Let's start by working with data regarding top 500 albums according to the Rolling Stone Magazine.

In [3]:
import pandas as pd
url = "https://raw.githubusercontent.com/eng-6-22/mod-1-a-data-structures/master/6-top-songs/data.csv"
df = pd.read_csv(url)
albums = df.to_dict('records')

In [4]:
# albums[:2]

In [5]:
len(albums)

478

> Well, 478.

Let's write some functions to help us better explore the data.

* `all_albums` - Takes an argument of albums and returns the list of album names.

In [8]:
def all_albums(albums):
    pass

In [None]:
all_albums(albums)[:4]
# ["Sgt.
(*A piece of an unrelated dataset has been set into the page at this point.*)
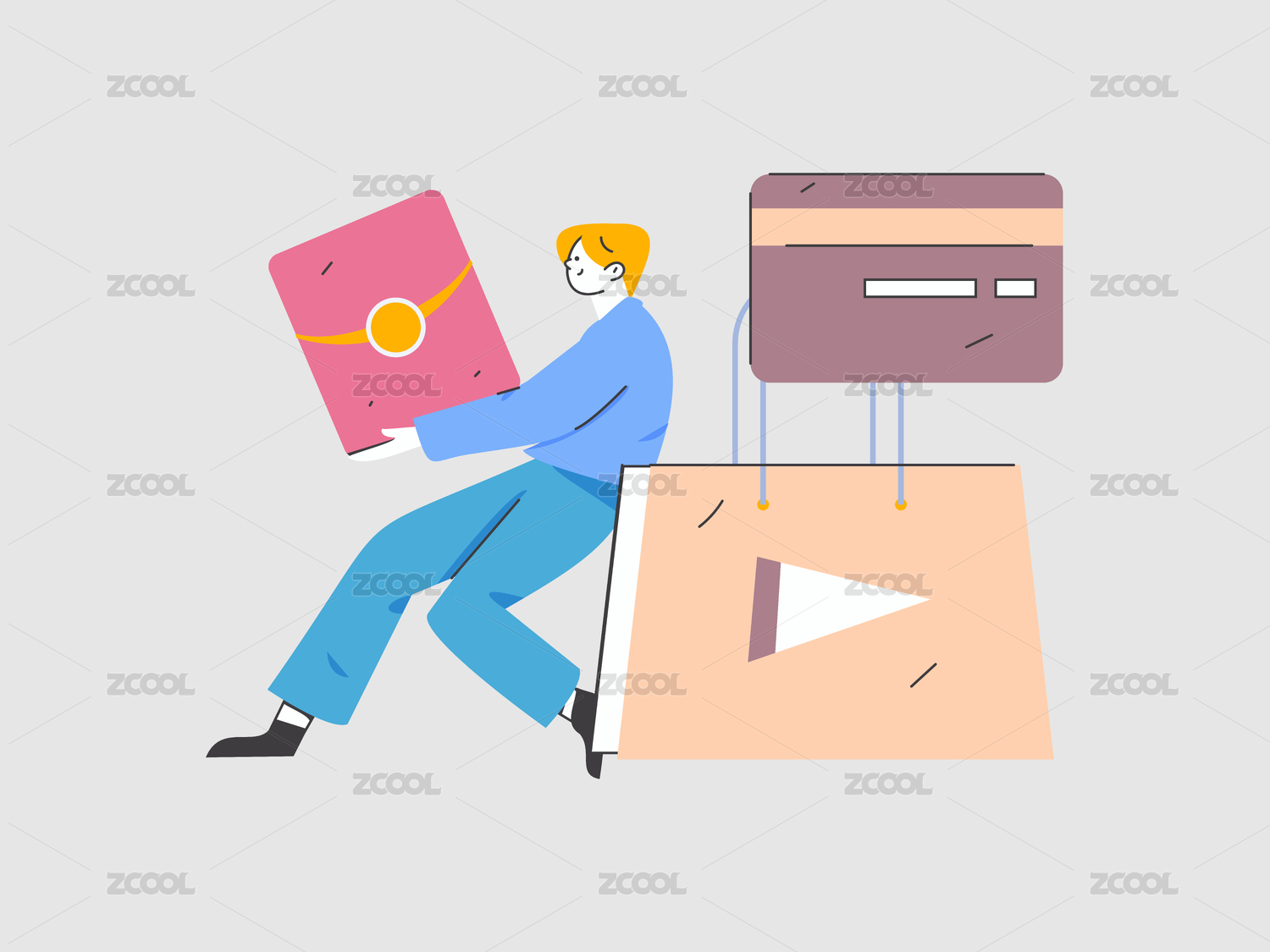 查看信用账单的男人, 矢量扁平人物场景创意概念插画
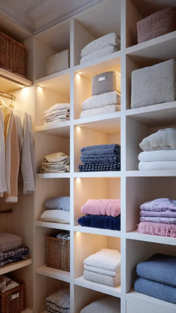 This solution works well in rental spaces or builder-basic closets. It adds structure instantly and prevents stacks from becoming messy. Because the cubes are lightweight, they keep the closet feeling open rather than heavy.

Pepper's Lonely Hearts Club Band",
 # 'Pet Sounds',
 # 'Revolver',
 # 'Highway 61 Revisited']

* `all_artists` - Takes argument of list of albums and returns a list of all artists (where each element is a string), and no artist is repeated. 



In [9]:
def all_artists(albums):
    pass

In [None]:
sorted(all_artists(albums))[:4]

# ['A Tribe Called Quest', 'ABBA', 'AC/DC', 'Aerosmith']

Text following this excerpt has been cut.